The facts are out now in the open. Obama is not the one playing hide and seek with what he believes or doesn’t believe in. He isn’t the one cherry-picking what to support in his running-mate’s agenda and what to ditch. He isn’t sitting there and watching where the wind will blow before he opens his mouth. Americans are not in doubt regarding what his intentions are for them by the very actions he’s taken and attempted to take during this first term, actions that the obstructionist have done their bit to scuttle. Obama has not snuggled up to the money people to buy an election, because he understands that all American is his constituency, not just the rich and powerful.
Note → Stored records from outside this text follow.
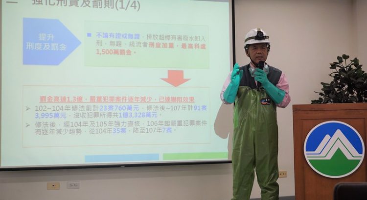 2013年爆發日月光半導體廠廢水污染後勁溪的事件後,社會各界對水污染防治法罰則應加重逐漸凝聚共識,並於2015年2月4日修法生效。環保署26日召開記者會表示,修法迄今已有5年以來,對嚇阻污染確實發揮功效,尤其刑事罰金高達1.3億、行政罰鍰高達15.7億、追繳不法利得高達0.2億,民眾檢舉獎勵金最高曾發給1,000萬。嚴重污染河段長度比率由90年13.2%大幅下降至107年3.8%。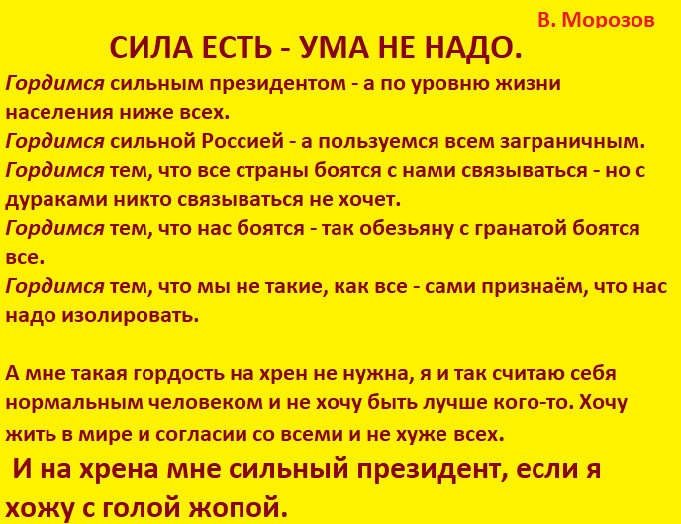 И что интересно - многие из тех, кто презирает 2-ой тип людей, гордятся страной, которая ни фига не может и не производит, но лезет ко всем со своими советами. Да ещё ставят это в заслугу, типа - мы сильные, потому что заставили всех уважать нас. Учится ни у кого не будем, потому что мы лучше всех. А если живём хуже, так это потому, что мы всё можем выдержать и скрепы у нас такие - а если захотим, то вообще весь мир нагнём.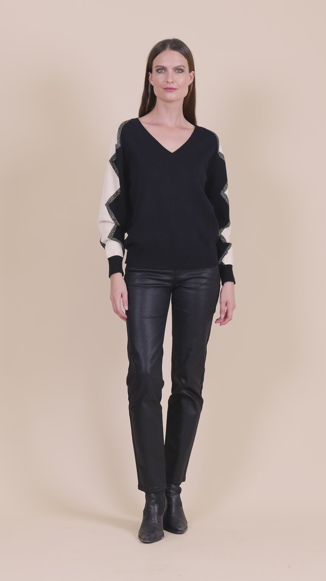 Craquez pour ce pull graphique bicolore, sublimé par ses découpes contrastées et sa bande lurex pour un look moderne et raffiné.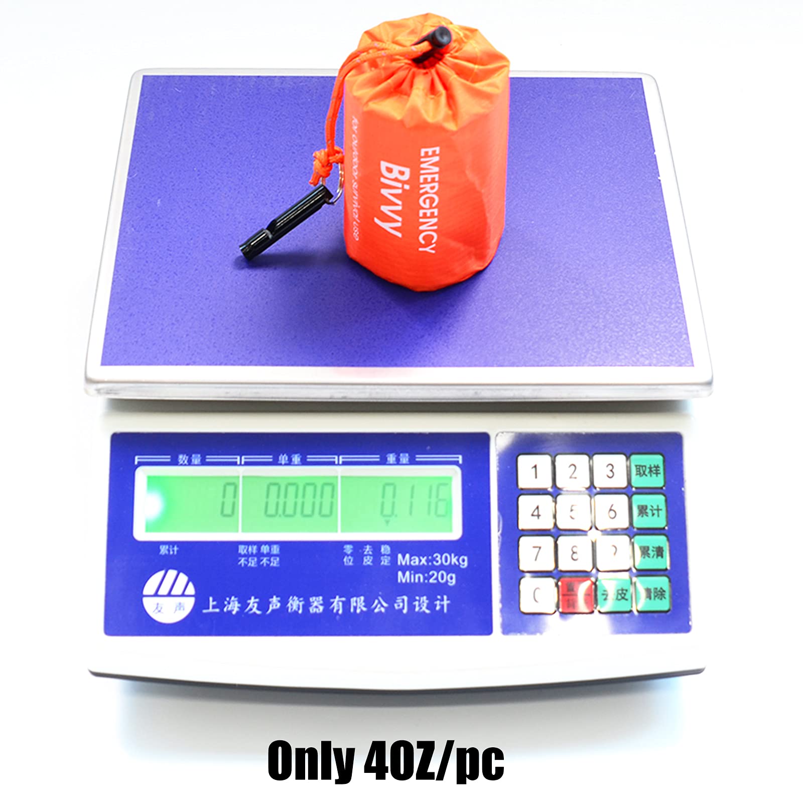 EMERGENCY SLEEPING BAG KIT 8 IN 1 4 Pack emergency sleeping bags survival Bivvy Sack size 36 * 84 inches. 4 Pcs of whistles MADE FOR EMERGENCY Thermal emergency sleeping bags are designed to reflect your body heat back to prevent body temperature losing even save your life in emergencies. Reflective silver with high-visibility orange insulation sleeping bag can also be used as effective shelters or signaling devices in an accident or extreme weather in order to be easier found and rescued. Multiple emergency uses as for tent footprint, rain poncho, emergency signal, emergency shelter, ground cover, bivouac sack, wind blocker, water collector, snow melt container and so on. Premium choice for camping, hiking, mountain climbing, hunting, trekking, backpacking, biking, boating, car rides, outdoor trips and wilderness adventures. LIGHTWEIGHT PORTABLE & EASY CARRY Each Pack emergency sleeping bag is individually packed in a drawstring bag weight 4 oz. Compact packing and portable to carry for outdoor activities and keep storage after every use. Easy to store in your car, backpack, emergency first-aid case, etc. Whistles are easy to carry but useful for emergency use. LITTLE INVESTMENT TO GET BIG INSURANCE NOW

The more he is being outraised and outspent by Romney in this campaign, the more Americans will wonder why the big bucks are lining up behind Romney and what they stand to gain at their expense from a man who despite highbrow accounts all over Europe and the Caribbean, still does not deem it fit to release his tax records to the American people. Obama is making clear that it’s not cash-and-carry America; it’s not politics as before. Ideas and not money will win the day and he’s counting on the American people to see through the hubris the other side is peddling. Those who say they want to address Americans like adults would have plenty of time to walk their talk in this campaign.

 

Oh yes, the choice cannot be starker. It’s either America walks back into the Middle Ages or she marches forward into the brave new world that the election of Barack Obama portended in 2008 by reaffirming that they’re still firmly on that journey of progress in November 2012. Americans are too smart to reward a party fixated with a sense of entitlement with power when its leadership and membership have not showed why they should be trusted after the unmitigated disaster their leadership visited on the nation. Yes, forget Obama for a second, why should the American people entrust their future to the hands of Mitt Romney and Paul Ryan after what the Republican Party has put America through in the past twelve years?

 

Of course, what I express here is my view; but I am deeply convinced about it, because this view is shaped by the facts I see and how I interpret these in the context of the time and experience. Mr Feller and some others may think I protest too loudly and they may be right. But I’m not saying Mr Feller should give President Obama preferential treatment; what I’m saying is that he should give everyone a fair shake. Mr Feller can be sure that if he does an interview with Governor Romney and I notice this type of advertent or inadvertent partiality, I will be doing the same thing I’m doing here, which is write to explain why I think it’s biased. That I have an opinion about the election does not mean I have to accept unfair reporting. Of course, if he has an opinion he wants to share about the election, he should be encouraged to present it clearly as an opinion piece and not as a report so that we can appropriately deal with it as such.